Wednesday, October 20, 2010

What is Music?

Movies are experienced from the outside in; Music is experienced from the inside out.

What is Music?

We take music in like air, like food, like sustenance and let it feed our innermost identity. We enjoy music on our vocal chords like a soul exercise. We live the beat of music with our dance, with our drum hands, with our impulses. Is it the rhythmic nature of music on the eardrum like a Neanderthal drum beat that awakens within us? Or is music so pleasing in its hum like our mother’s voice?

So personal we can suggest it to others without the same experience transferred. But we can come together in a great arena of collective reality to sponge in the experience and be a single vibration.

What is Music?

Wednesday, September 29, 2010

My insides turned out for you to see

The consoling thing about the concept, “Life is just a dream” is that if it gets too bad we can always just wake up.

I thought it took all colors to paint a picture of God. But then I talked to a fundamentalist. He said there is only black and white.
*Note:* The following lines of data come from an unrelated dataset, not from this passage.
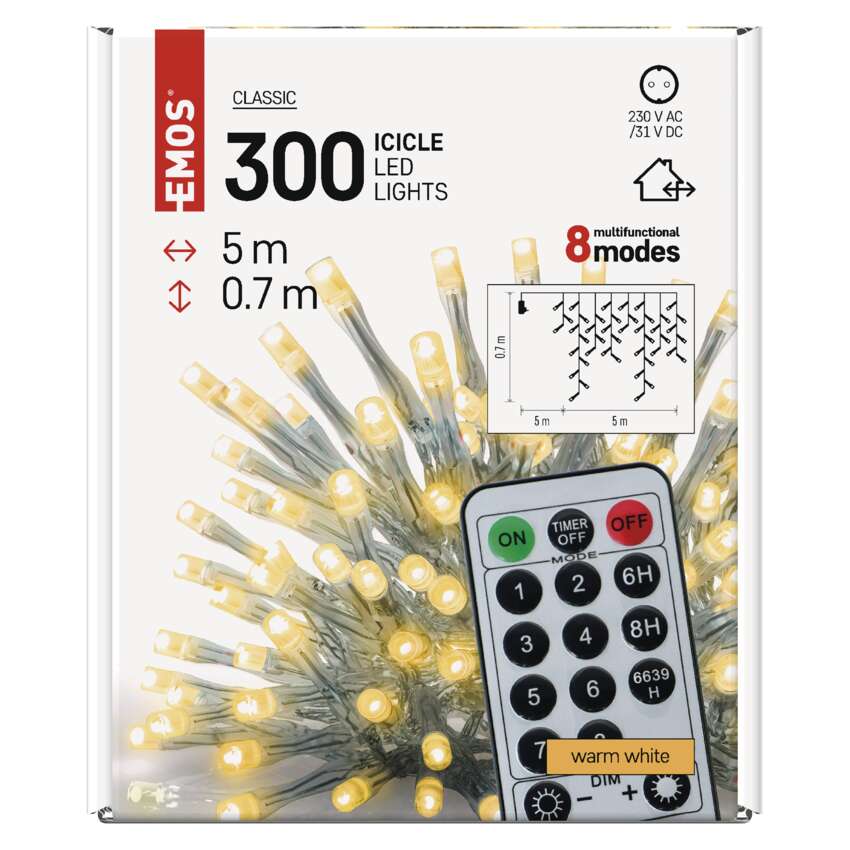"EMOS" KLASIKINĖS LED grandinės yra kelių formų - klasikinės grandinės, klasteriai ir stalaktitai. Jos nepakeičiamos sukuriant tinkamą šventinę atmosferą. Jie puikiai atrodys ant tradicinės Kalėdų eglutės, tinka puošti baldus, turėklus, sijas ar duris interjere.Juos taip pat galite naudoti lauke, kad apšviestumėte savo krūmus, medžius, pavėsines, pavėsines ir t. t.
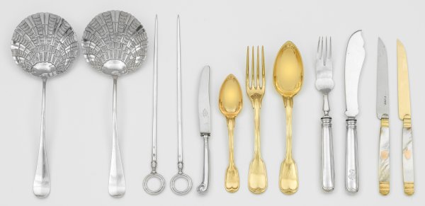 A mixed 53-piece parcel-gilt silver cutlery. Partly monogrammed, stainless steel blades or mother of pearl handles. Partly standard mark 800, 900, different assay, maker´s marks, date letter. 28 plated and silver cutlery items added.
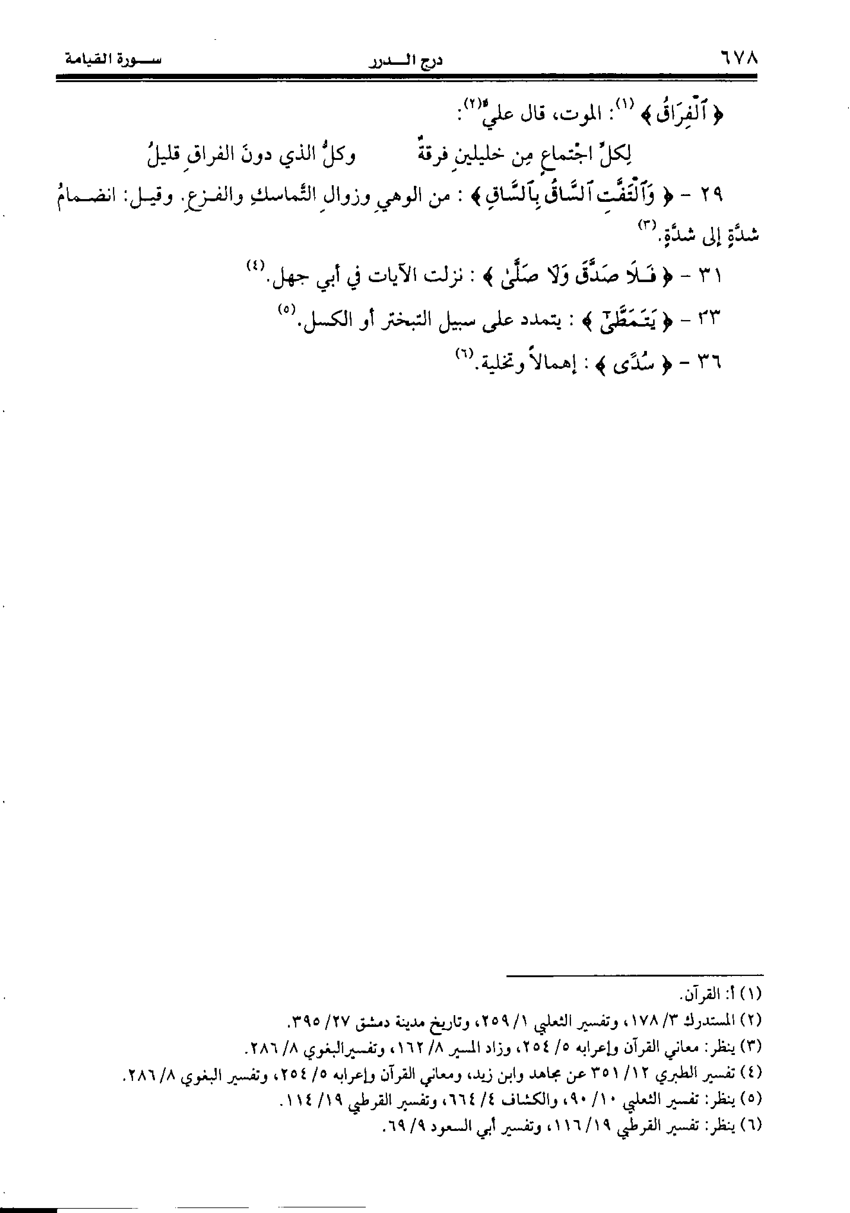 29 - {وَاِلْتَفَّتِ السّاقُ بِالسّاقِ:} من الوهي وزوال التّماسك والفزع. وقيل: انضمام شدّة إلى شدّة. (¬3)
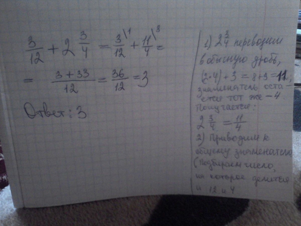 3/12+2целых 3/4= 3/12+11/4=(3+33)/12=36/12=3
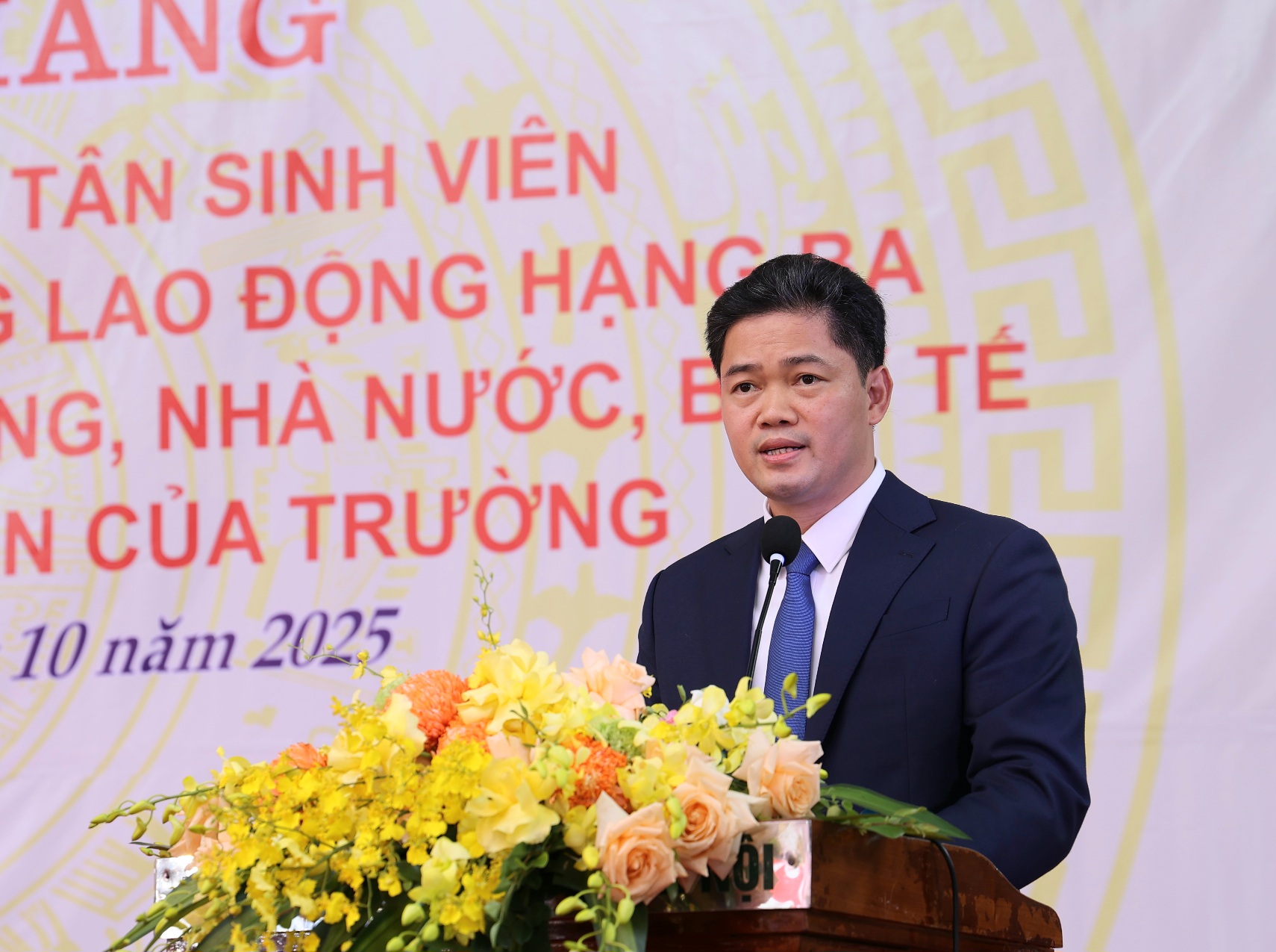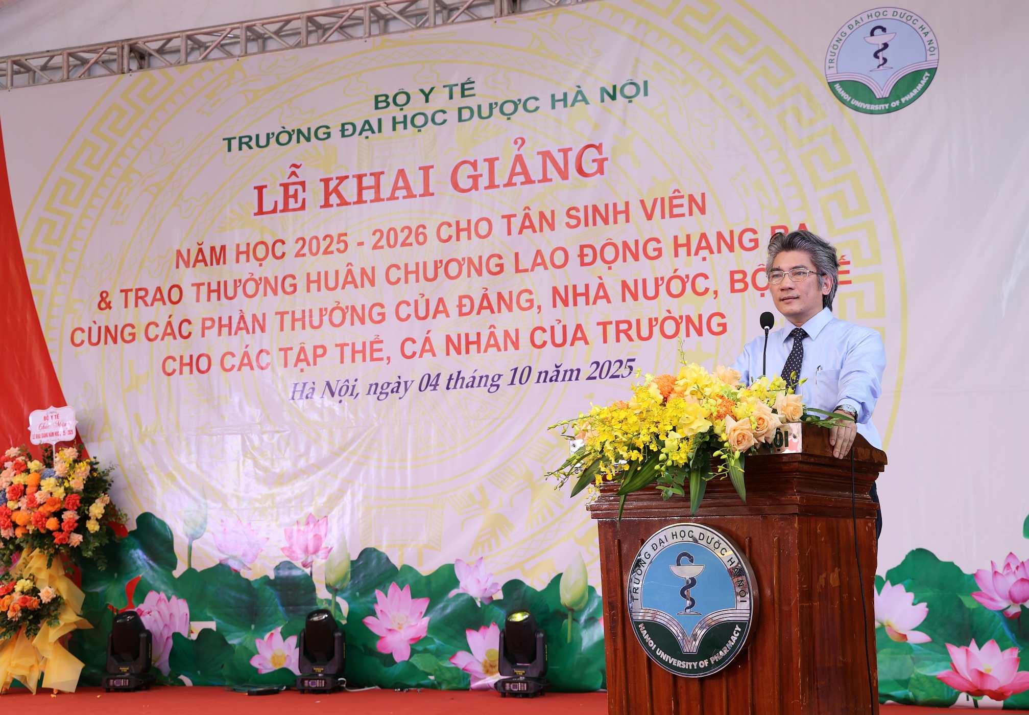 Ủy viên Dự khuyết Trung ương Đảng, Thứ trưởng Thường trực Bộ Y tế Vũ Mạnh Hà phát biểu tại lễ khai giảng năm học mới 2025-2026 của Trường Đại học Dược Hà Nội.

After I sent two aerial bombing missions of fire ant killer on to the mound, the death of the queen was assured. A lone ninja ant scaled my shoe to strike his revenge, lancing into my flesh repeatedly with his sacred sword. His subsequent flattening in one slap was an honorable death worthy of the warrior. The itching white pock was a memorial to him and his regal queen for days.

We like to have our photos taken with celebrity so our friends and family can see us standing beside someone whom they actually admire.
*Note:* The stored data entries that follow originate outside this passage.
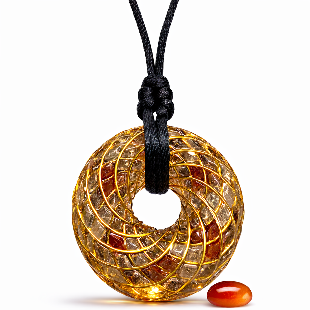 Přívěsek orgonitový Torus - Křišťál, Karneol 3,5 cm (52)
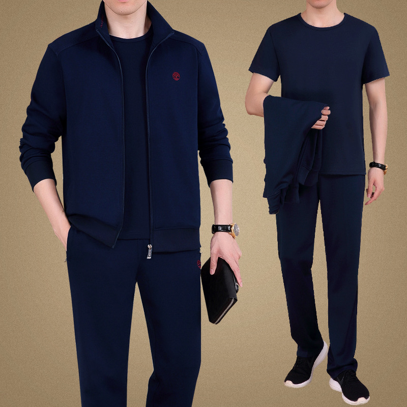 运动套装男春秋季休闲三件套运动服大码爸爸秋装套装男卫衣跑步服
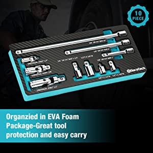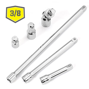 10 Pieces accessory set includes: 3/8’’ Drive Extension Bars ( 1-1/2’’, 3’’, 6” and 10’’ ), Universal Joints (1/4’’, 3/8’’, 1/2’’ Drive ), Adapters(1/4’’, 3/8’’, 1/2’’ Drive).
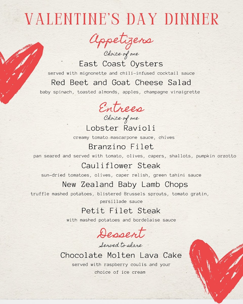 Four Course Festive Dinner Choose Soup: Pumpkin Soup or Lentil Soup Roast Turkey with vegetable stuffing, cranberry sauce, gravy and mashed potatoes Choose Side: String Beans with Almonds, Market Vegetables or Mix Greens Salad Choose Dessert...

We are stage actors projecting a self image out to others that will make us content with who we think we should be.

She carried you inside her body for 9 months, went thru labor, and was there for you all those years. Dads just made that initial deposit, and then went thru labor to make bank deposits for you during all those years. It’s no contest who is in first place.
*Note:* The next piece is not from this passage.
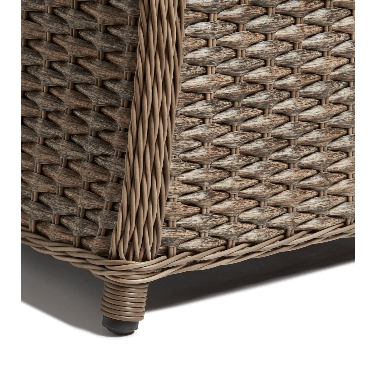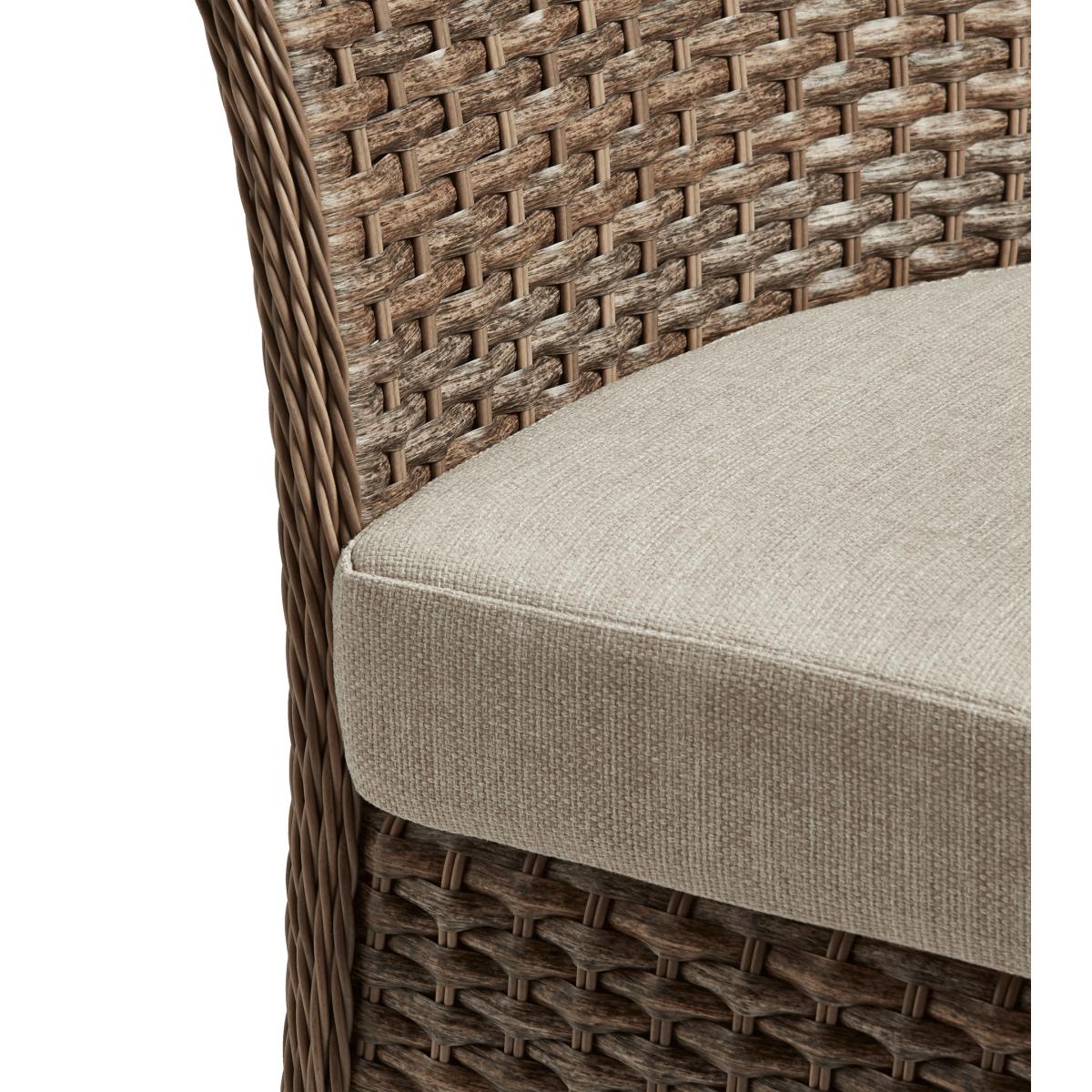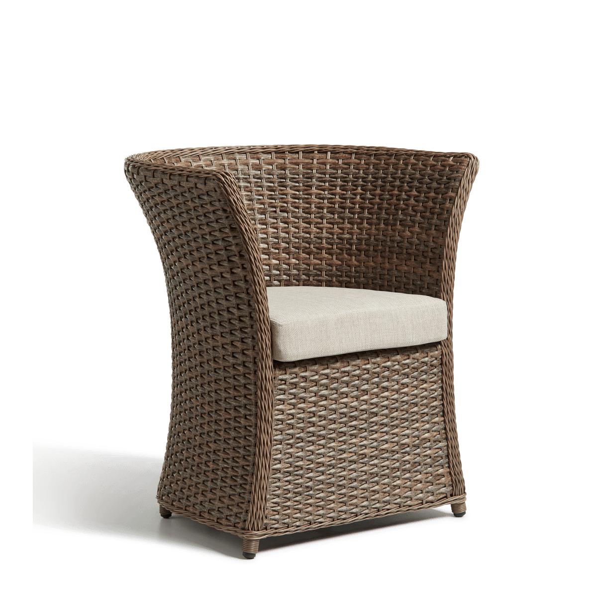 The Humphry Armchair has a sculptural appearance with its unusually flared, curving backrest that stretches from the top to the bottom. The continuous expanse of synthetic rattan is seamless, showcasing the craftsmanship of the weather-resistant piece.

Film is experienced from the outside in, but Music is experienced from the inside out.

I realize I am inside the fun life pinball machine, bouncing off surprises with noise and flashing lights, scoring points for my bank, rebounding, but always falling toward the inevitable end game.

I still feel Alice. She's alive out there in Wonderland. But she went down a different portal and we never found each other again. But I feel her presence like the smile on a Cheshire Cat.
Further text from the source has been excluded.